Muzakki sebagai sumber utama potensi zakat, dalam tatakelola BAZDA ditempatkan sebagai objek yang harus ditundukkan dan diberikan penyadaran bahwa berzakat adalah kewajiban, dan kewajiban itu hanya sebatas menyerahkan zakatnya, selanjutnya bagaimana dana itu dikelola dikonstruksi sebagai hak negara dan negara yang paling tua, paling tepat dan paling mampu melakukannya untuk mencapai tujuan pemberdayaan dan pembangunan yang merupakan roh perintah berzakat. Muazkki tidak diberi ruang yang luas untuk melakukan preferensi-preferensi dalam berzakat di mana dan dengan cara yang bagaimana.
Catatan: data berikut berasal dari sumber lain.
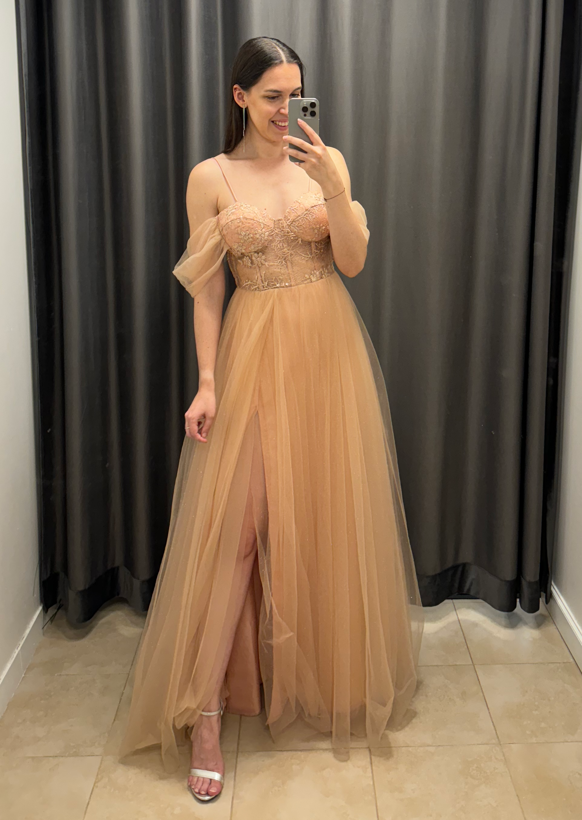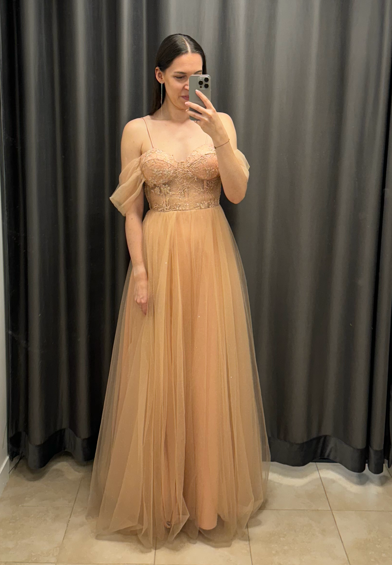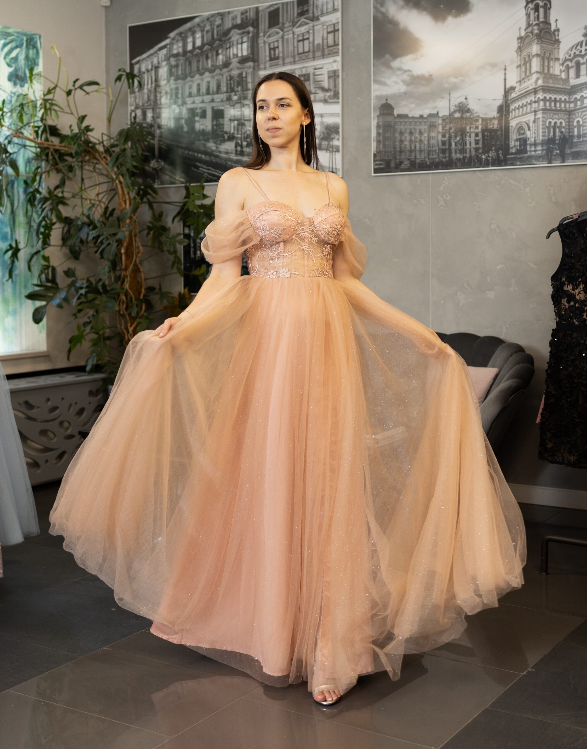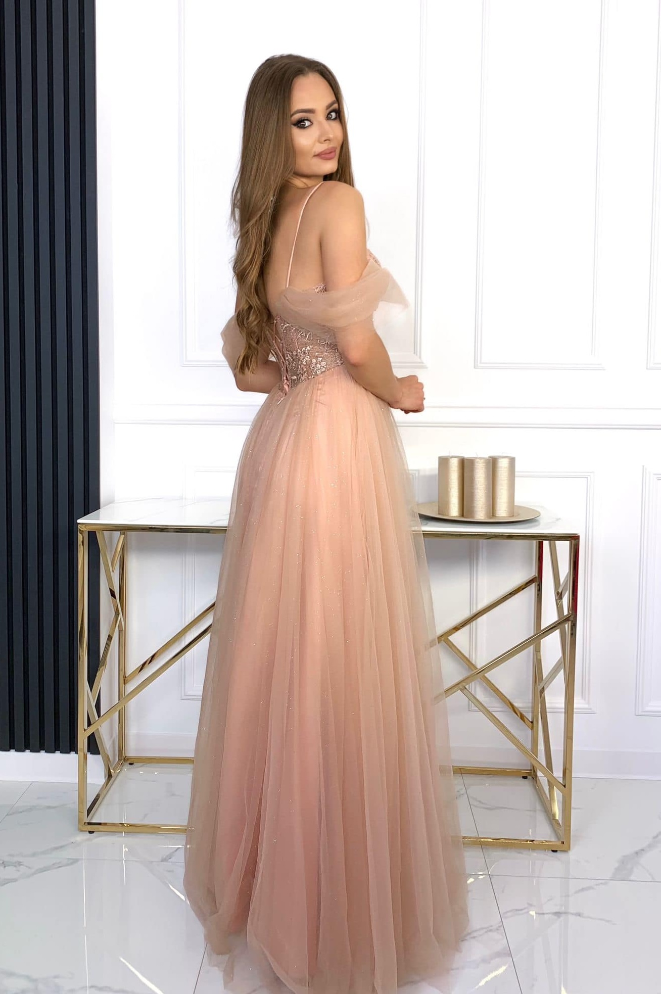 Efektowna gorsetowa, tiulowa sukienka maxi. Sukienka posiada dopasowaną, zdobioną, lekko transparentną górę wzmacnianą fiszbinami. Tył sznurowany, pięknie eksponuje plecy. Cienkie ramiączka oraz dodatkowe, delikatne, opadające, tiulowe szerokie ramiączka, które lekko przysłaniają ramiona. Od talii sukienka jest mocno rozkloszowana dając efekt księżniczki. Dół wykonany z lekkiego, miękkiego tiulu z subtelnym brokatem. Sukienka posiada również efektowne, głębokie rozcięcie na nogę.

Ruang kebebasan dikaburkan melalui pembentukan konstruksi pengetahuan zakat berparadigma developmentalism yang setiap saat menyerang ruang kognitif masyarakat luas khususnya muzakki dan mustahik dari berbagai ruang. Mereka tidak bisa menghidar karena kuasa pengetahuan negara ada di mana-mana, sementara untuk melawan juga begitu berat karena begitu kuatnya dan dilengkapi dengan berbagai instrumen kuasa berupa aparat dan institusi yang mendapatkan legitimasi dan legalisasi yang kuat.

Melekatkan zakat dengan institusi pemerintah dengan kuasa tatakelola oleh aparat pemerintah, membuat tatakelola zakat bergerak dalam paradigma negara dan memandang zakat sebagai sumberdaya milik negara, tunduk dalam ruang kuasa negara, dikelola oleh aparat negara, dengan lembaga milik negara, dan dikelola dengan mekanisme administrasi dan birokrasi negara dibawah payung pengetahuan sekuler (non agama). Maka membawa zakat dari ruang kuasa ajaran agama ke ruang kuasa sistem administrasi dan birokrasi negara, sama halnya sedang melakukan perombakan besar terhadap konstruksi pengetahuan zakat dan ketatakelolanya.